### ENTRIES SHOWN
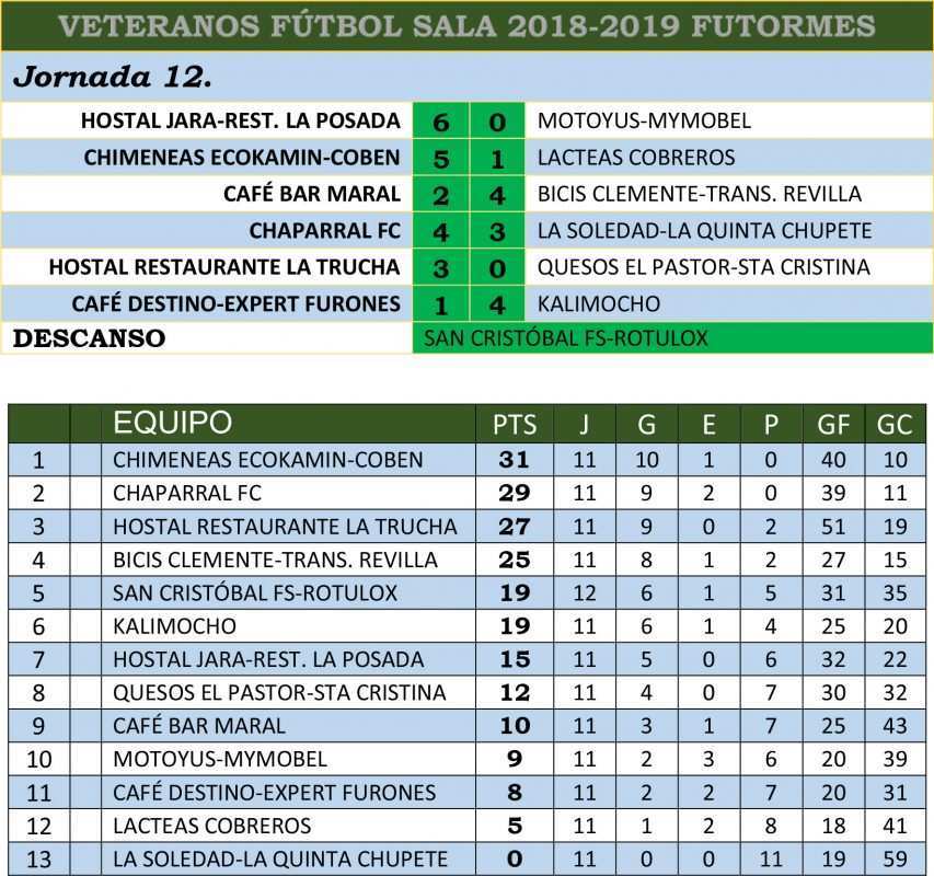 Otra jornada más sin cambios en la Liga de Veteranos de Fútbol Sala organizada por Futormes y donde los primeros equipos siguen sin perder. Emoción sin límites en el encuentro que enfrentó al Chaparral y a la Soledad-La Quinta del Chupete con mucho suspense y que finalizaba con un apurado 4-3 en favor de los primeros. Algo menos de apuros pasaron los líderes Chimeneas Ecokamín-Coben Cerámicas y Restaurante La Trucha que vencieron sin problemas a sus rivales.
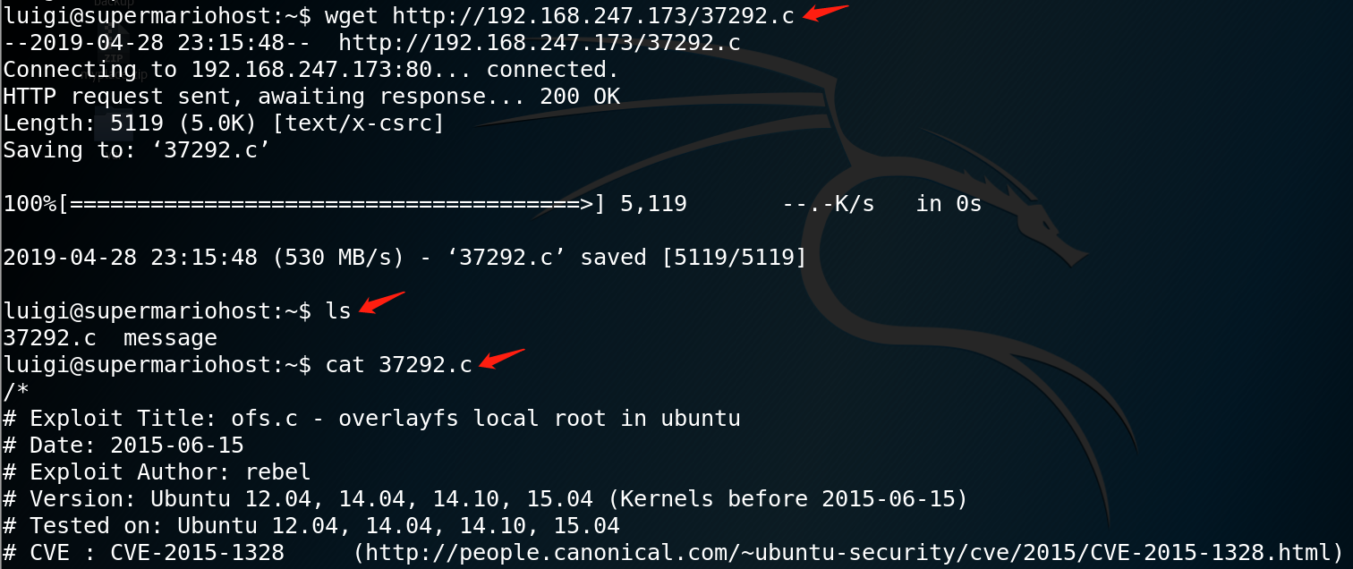 发现多个提权程序,本次使用 ' /usr/share/exploitdb/exploits/linux/local/37292.c ' 该漏洞继续提权工作。
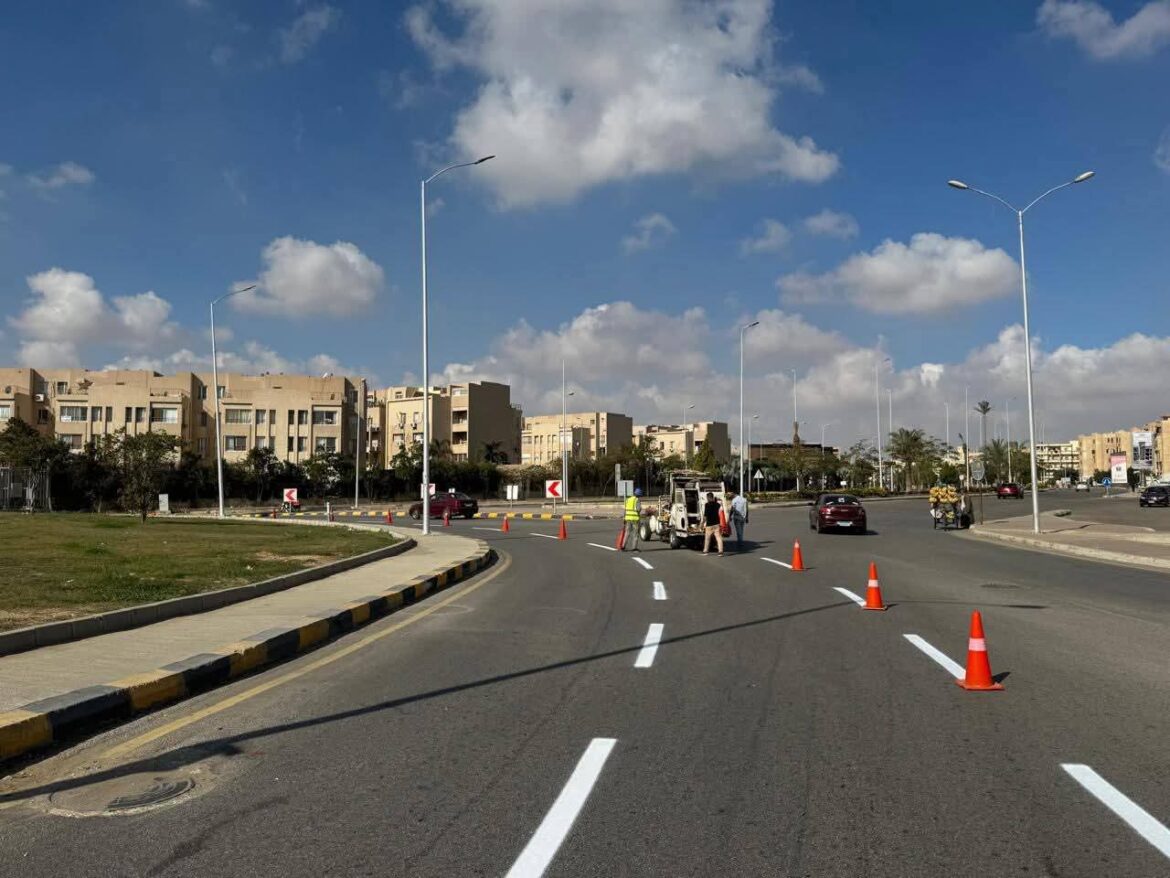تنفيذ أعمال تخطيط طرق ولافتات إرشادية جديدة بمدينة الشيخ زايد
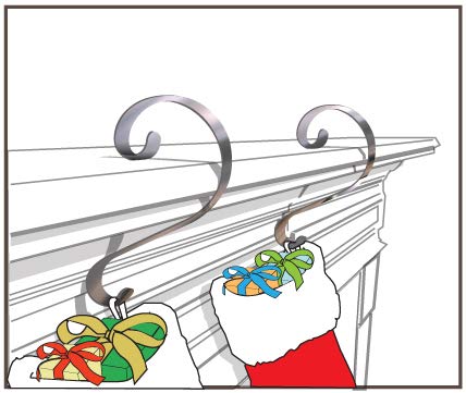 A very ornate yet also functional stocking holder, Stocking Scrolls have the capability of holding a full stocking on the fireplace mantel. They have a gripper pad to prevent scratches and help hold it in place. This products ability to swivel will allow it to fit almost any sized mantel. Lightweight design is safer for homes with children, versus heavy, counter-balance stocking holders. Won't interfere with other holiday decor on the top of mantel.A safe alternative to heavy stocking holders that can injure curious children or pets.
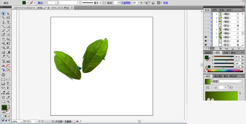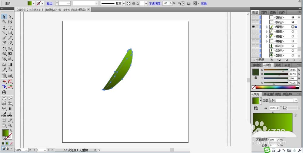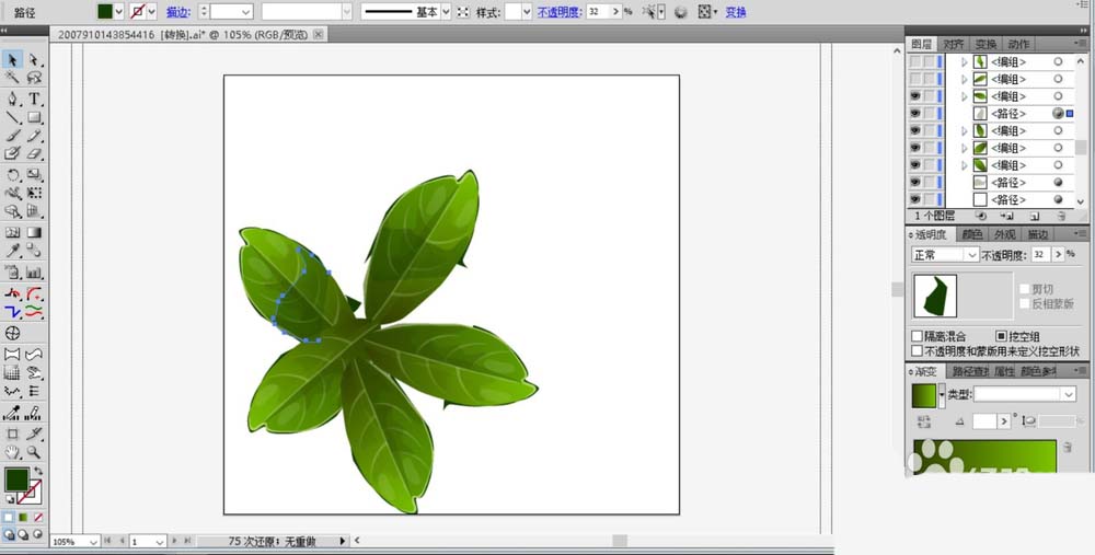 1、先用钢笔画出半片的叶子,我们用绿色的渐变填充叶片的路径。
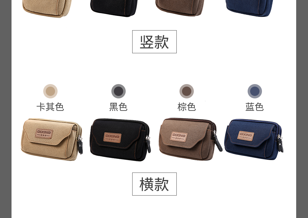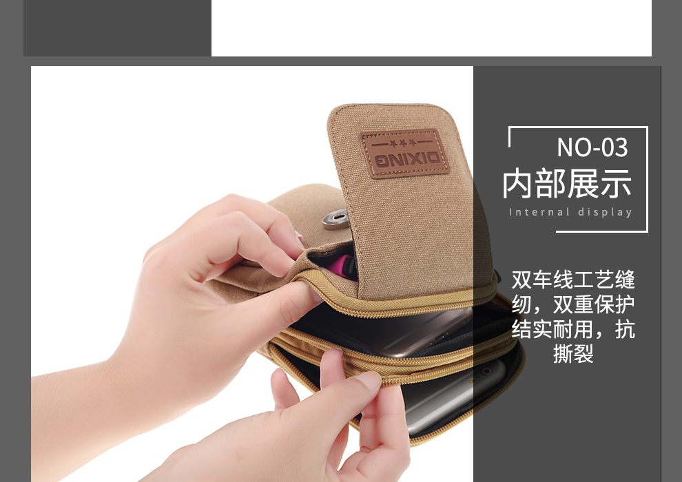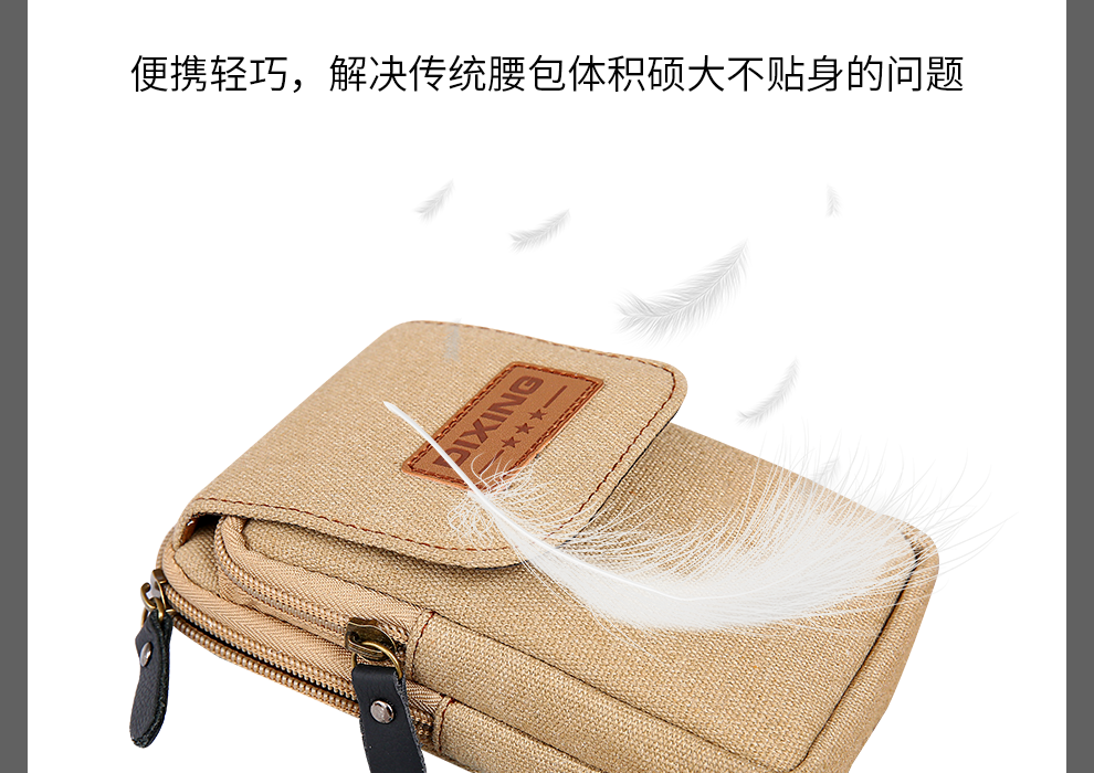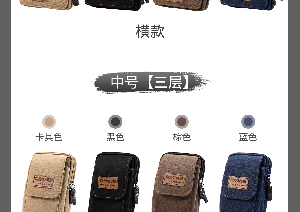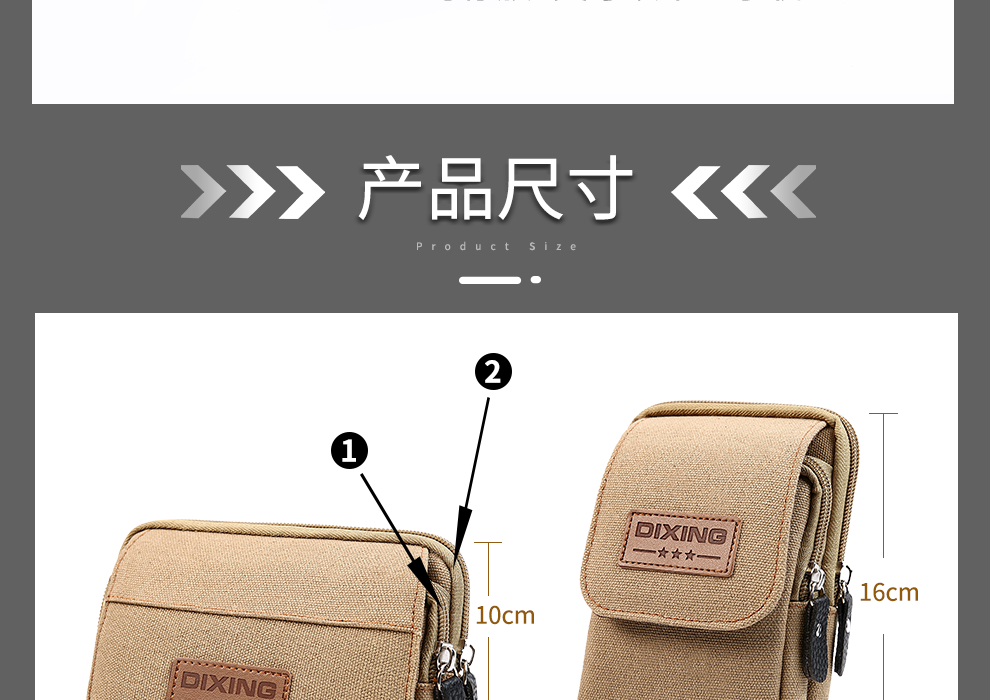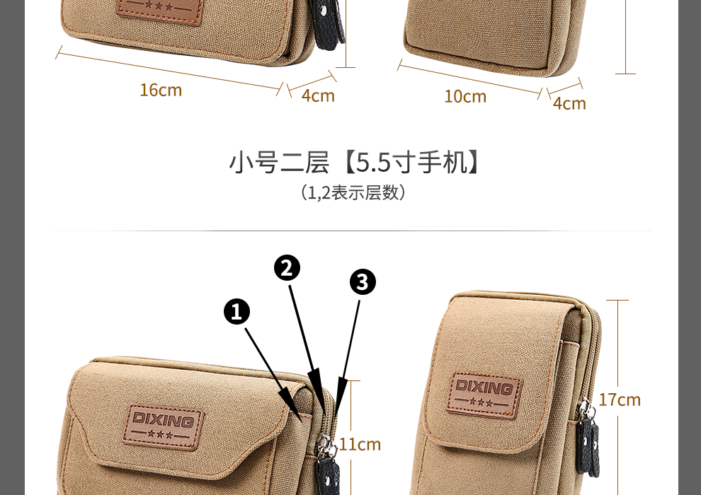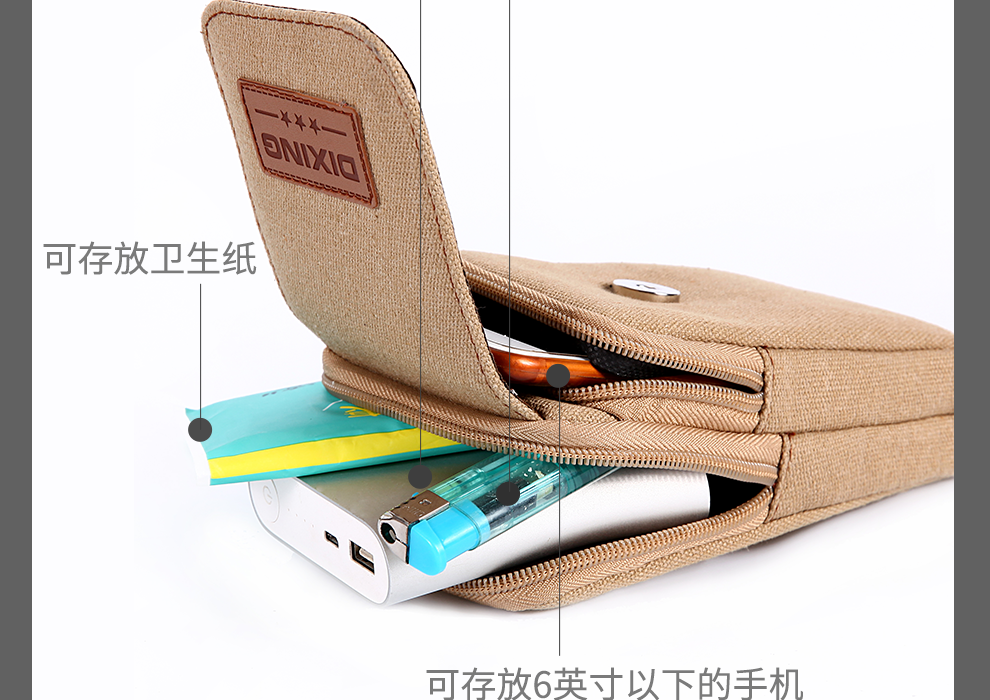 Dixing (DIXING) mobile phone waist bag men's outdoor wear belt multi-functional coin purse 7-inch sports mini travel canvas small bag C132 vertical three-layer khaki 7-inch
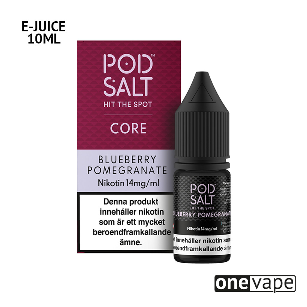 10ml E-juice med 14mg Nicsalt från Pod Salt, med smak av blåbär och granatäpple.

### TASK OBJECTIVE
With the pictures set aside, please write out all of the records above exactly.

### RESPONSE
 Otra jornada más sin cambios en la Liga de Veteranos de Fútbol Sala organizada por Futormes y donde los primeros equipos siguen sin perder. Emoción sin límites en el encuentro que enfrentó al Chaparral y a la Soledad-La Quinta del Chupete con mucho suspense y que finalizaba con un apurado 4-3 en favor de los primeros. Algo menos de apuros pasaron los líderes Chimeneas Ecokamín-Coben Cerámicas y Restaurante La Trucha que vencieron sin problemas a sus rivales.
 发现多个提权程序,本次使用 ' /usr/share/exploitdb/exploits/linux/local/37292.c ' 该漏洞继续提权工作。
تنفيذ أعمال تخطيط طرق ولافتات إرشادية جديدة بمدينة الشيخ زايد
 A very ornate yet also functional stocking holder, Stocking Scrolls have the capability of holding a full stocking on the fireplace mantel. They have a gripper pad to prevent scratches and help hold it in place. This products ability to swivel will allow it to fit almost any sized mantel. Lightweight design is safer for homes with children, versus heavy, counter-balance stocking holders. Won't interfere with other holiday decor on the top of mantel.A safe alternative to heavy stocking holders that can injure curious children or pets.
 1、先用钢笔画出半片的叶子,我们用绿色的渐变填充叶片的路径。
 Dixing (DIXING) mobile phone waist bag men's outdoor wear belt multi-functional coin purse 7-inch sports mini travel canvas small bag C132 vertical three-layer khaki 7-inch
 10ml E-juice med 14mg Nicsalt från Pod Salt, med smak av blåbär och granatäpple.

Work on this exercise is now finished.